SUPPLIED INFORMATION:
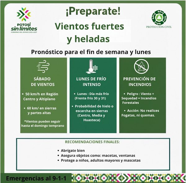La Coordinación Estatal de Protección Civil (CEPC) emitió un aviso preventivo ante la presencia de vientos fuertes y un descenso significativo de temperatura en San Luis Potosí durante los próximos días. El seguimiento permanente a las condiciones climatológicas responde a la instrucción del Gobernador Ricardo Gallardo Cardona de fortalecer la prevención y la protección de las familias.
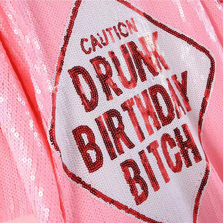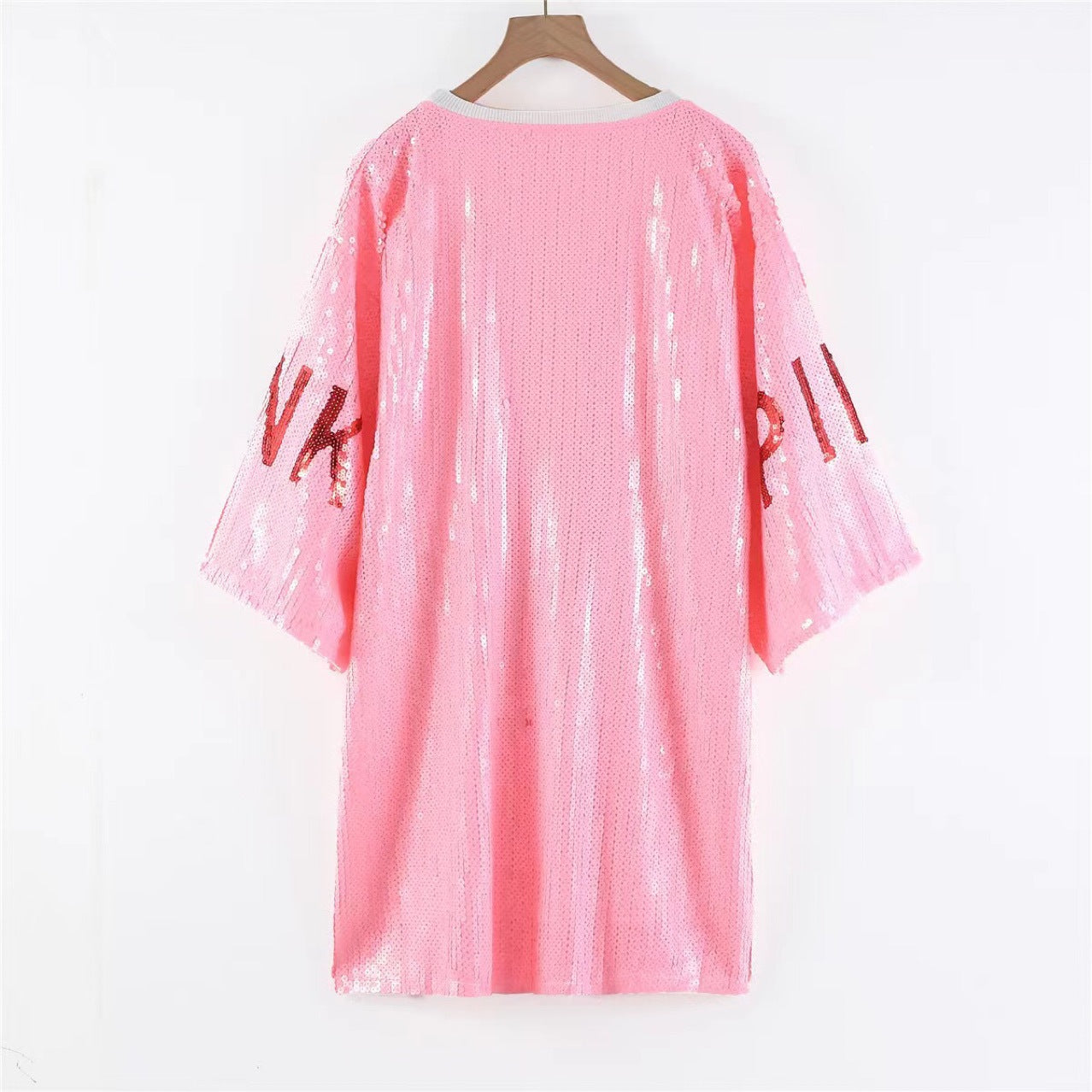 Pink Letters Sequined T-shirt Loose Large Size Short Sleeve (Cl10175)
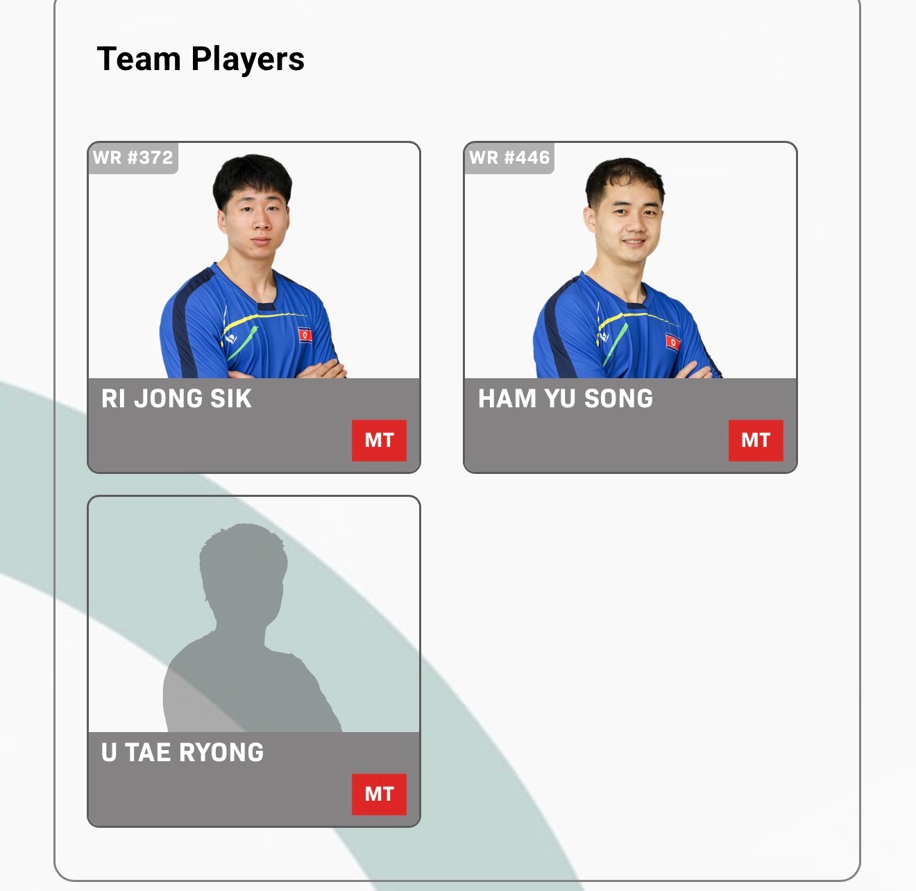 2026伦敦世乒赛朝鲜队报名男队:李正植 咸有成 于太勇女队:金琴英 边松景 车秀英
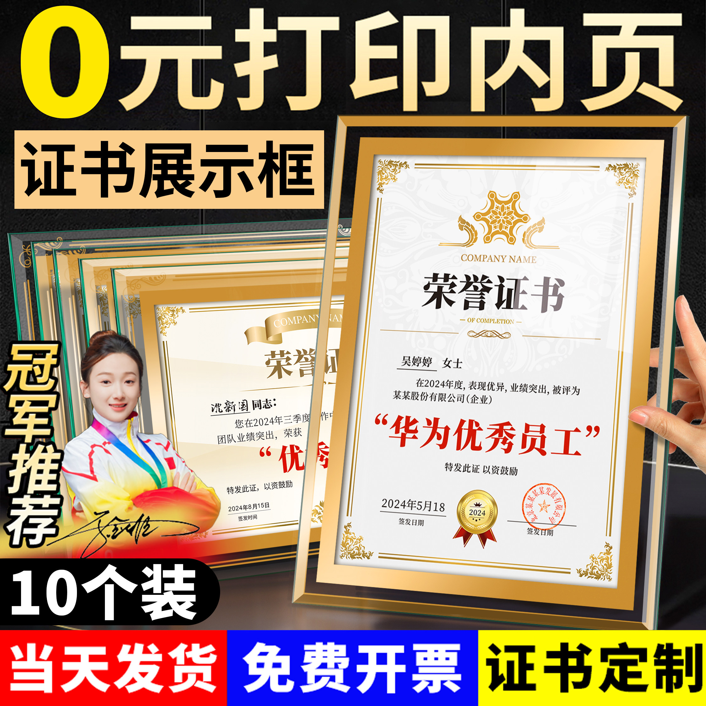 天猫眼镜猴旗舰店,荣誉证书奖状定制授权聘书展示框,免费打印内页 免费开票 当天发货
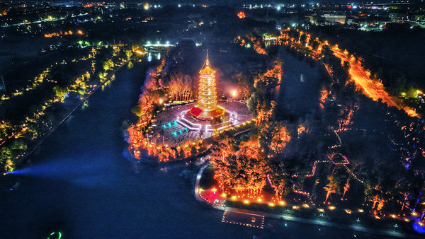 A night view of the landscape scenery of Guihe River in Yanqing district, Beijing. [Photo provided to China Daily]
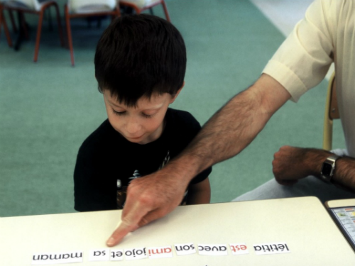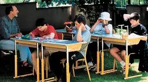 선생님은 서로 다른 나이와 눈 높이의 아이들을 세 개의 테이블에 둘러 앉히고 수업을 한다. 진지하게 알파벳을 배우는 유치원 아이들은 칭찬을 받고 싶어 앞 다투어 선생님을 불러댄다. 그러나 받아쓰기 실력이 좋은 고학년 학생들의 공부를 선생님이 돌보는 동안에는, 콧구멍에 연필을 꼽은 채 선배들의 모습을 숨죽여 바라보기도 한다,
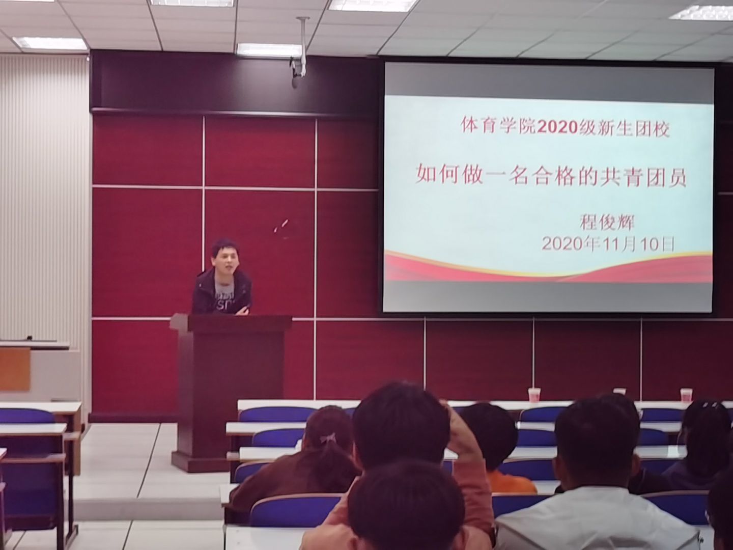 11月10日, 体育bbin宝盈集团平台首页于体育馆多媒体教室开展以“如何做一名合格的共青团员”为主题的新生团课活动,2020级全体新生参加此次活动。本次团课由bbin宝盈集团平台首页团委老师程俊辉主讲。

EXERCISE AIM: Please output the listing above exactly from its first line through the line with "A night view", both included, and nothing beyond that line. Omit pictures.

WRITTEN SOLUTION:
La Coordinación Estatal de Protección Civil (CEPC) emitió un aviso preventivo ante la presencia de vientos fuertes y un descenso significativo de temperatura en San Luis Potosí durante los próximos días. El seguimiento permanente a las condiciones climatológicas responde a la instrucción del Gobernador Ricardo Gallardo Cardona de fortalecer la prevención y la protección de las familias.
 Pink Letters Sequined T-shirt Loose Large Size Short Sleeve (Cl10175)
 2026伦敦世乒赛朝鲜队报名男队:李正植 咸有成 于太勇女队:金琴英 边松景 车秀英
 天猫眼镜猴旗舰店,荣誉证书奖状定制授权聘书展示框,免费打印内页 免费开票 当天发货
 A night view of the landscape scenery of Guihe River in Yanqing district, Beijing. [Photo provided to China Daily]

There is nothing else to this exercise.